Jose on June, Fewer Hot Dogs, Canada Day

Fort Wayne was three-hit yesterday in a 1-0 shutout against Lake County. The TinCaps had no hits through the first six innings. Moving on…

Tonight’s game is at 7:00, and you can hear it on The Fan 1380 and Hope you’ll join me.


To hear my chat with TinCaps Manager Jose Valentin, listen to the podcast below. Some excerpts from our conversation:

On how he evaluates the month of June:

“Looking back to the first half, and the beginnign (of the second half), I’m not too happy, even though we qualified for the playoffs, I’m not satisfied. We play 140 games, not 70 games. You can’t be satisfied in the game of baseball…It’s about being consistent, getting better every day and being a better player every day. I can’t tell if the guys are satisfied because we made the playoffs or they think that what happens, happens in the second half, but if that’s the case, they’re thinking the wrong way. Not too many guys had a good half. We have a lot of things to prove.”

On why he drastically shuffled his lineup card on Thursday against Lansing:

“I’m looking for more balance. Smitty (Mallex Smith) was struggling in the leadoff spot, and I was trying to get some pressure off him. The reason I put him eighth is because using a guy that fast at the bottom of the lineup, if he gets on base,  the players at the top of the lineup will get better pitches to hit. The reason I put Burkie (Chris Burke) in the cleanup spot, he’s not quite a power guy, but he’s the best contact hitter I have and I’m looking for someone to drive in runs, and we are not too good in that situation. So I’m looking for my best hitter, not my best power guy who can handle the bat, put the ball in play and give me some run production.”


A report from Bloomberg Businessweek says that sales of hot dogs across the county are down. The lone exception, of course, is baseball stadiums:

The hot dog still has one stronghold: baseball stadiums. Fans can buy everything from sushi to barbecued ribs, but hot dogs remain the top seller at almost every big league ballpark. (The exception: Miller Park in Milwaukee, where sausage is king.) There’s also a smattering of artisanal dog restaurants, such as Bark, in Brooklyn. The owner, Josh Sharkey, bastes his hot dogs with “Bark sauce,” a concoction of smoked lard whipped with butter.

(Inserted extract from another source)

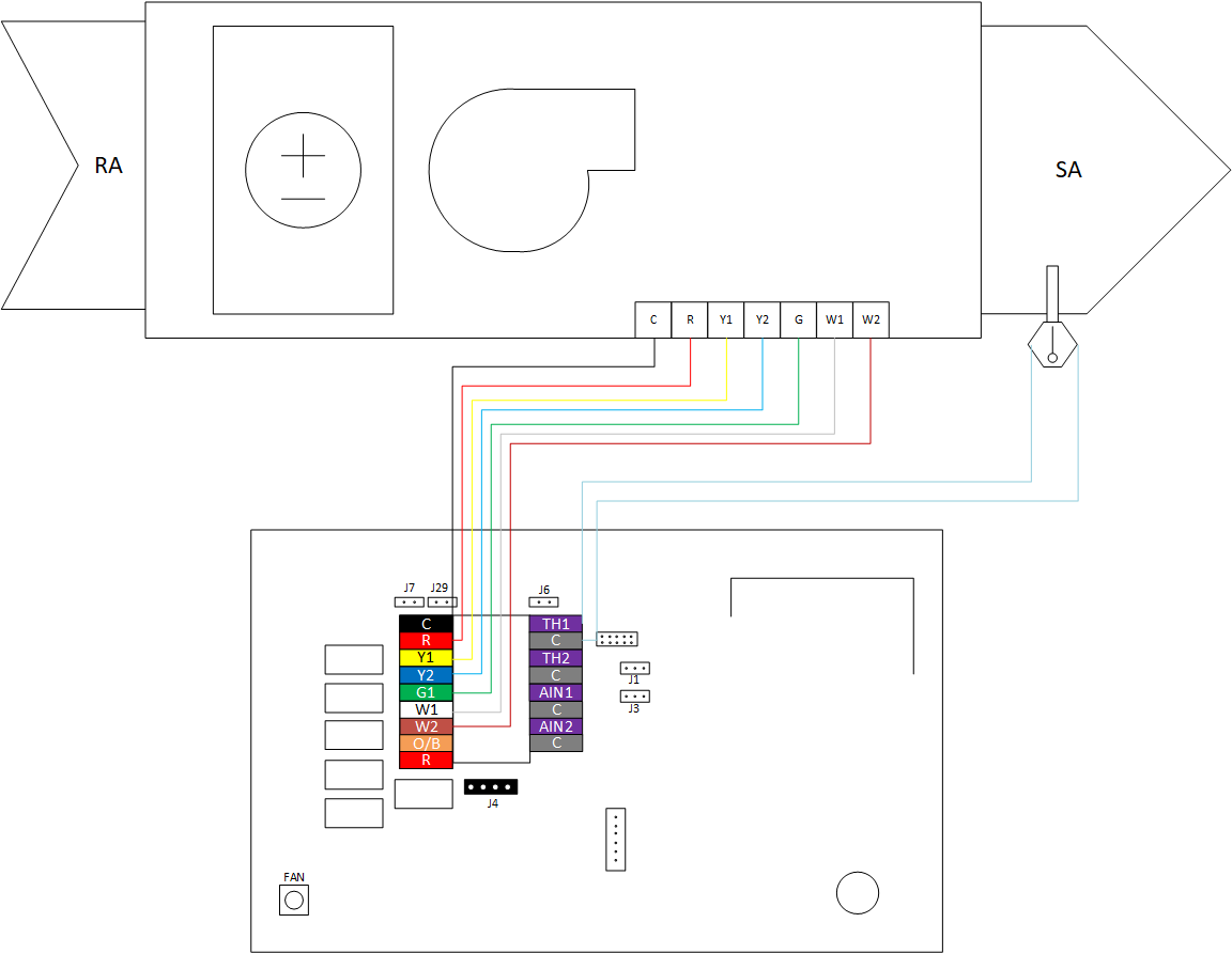 Wiring the Smart Stat to a Heat Pump is easy, just like a standard thermostat. 75F does provide a 10k type 2 thermistor probe for each Smart Stat sold, which is to be installed as the supply air temperature sensor. This sensor is used for alerting on poor unit health.

Here are some possible reasons for the lower numbers in hot dog sales

While those numbers are impressive, overall hot dog sales are declining. According to figures from IRI, a Chicago-based market-research firm, sales dropped more than 3 percent in 2012 from 2011, following two consecutive years of smaller declines. Figures for this year are looking soft as well. The slump is surprising in light of the sluggish economy—hot dogs are usually considered the ideal recession foodstuff.

Ronald Plain, a professor of agricultural economics at the University of Missouri, offered a few possible explanations for the frankfurter’s failing fortunes. Hot dogs are particularly popular among children, for example, so America’s declining birth rate may be to blame. Changing immigration patterns and demographic profile may also play a role. Janet Riley, president of the National Hot Dog & Sausage Council, a trade group, sees other factors at work. “Higher raw-material costs are leading to higher retail price points,” she says. “Consumers are very sensitive to that.” Ryan Stalker, brand manager for Hebrew National, whose sales are off by 5 percent this year, agrees. “The biggest challenge facing our industry is the rising costs of goods, especially beef prices, over the past few years, which usually translates into softness in sales.”

I don’t think a declining birthrate has much to do with it, as I, as a grown human being, have done more than my fair share to contribute to the number of hot dogs eaten in America.


Today is Canada Day. What, exactly does that mean? Well, Wikipedia…take it away!

Frequently referred to as “Canada’s birthday”, particularly in the popular press, (ed note: What constitutes the unpopular press? Sitting at a different lunch table?) the occasion marks the joining of the British North American colonies of Nova Scotia, New Brunswick, and the Province of Canada into a federation of four provinces (the Province of Canada being divided, in the process, into Ontario and Quebec) on July 1, 1867.

With that, I share with you a great episode of one of my favorite radio shows, This American Life. This episode is entitled: “Who’s Canadian?”

Notes and stories about the Canadians among us. Are they in fact any different from red-blooded Americans? They claim they’re not. Skeptical Americans put their position to the test.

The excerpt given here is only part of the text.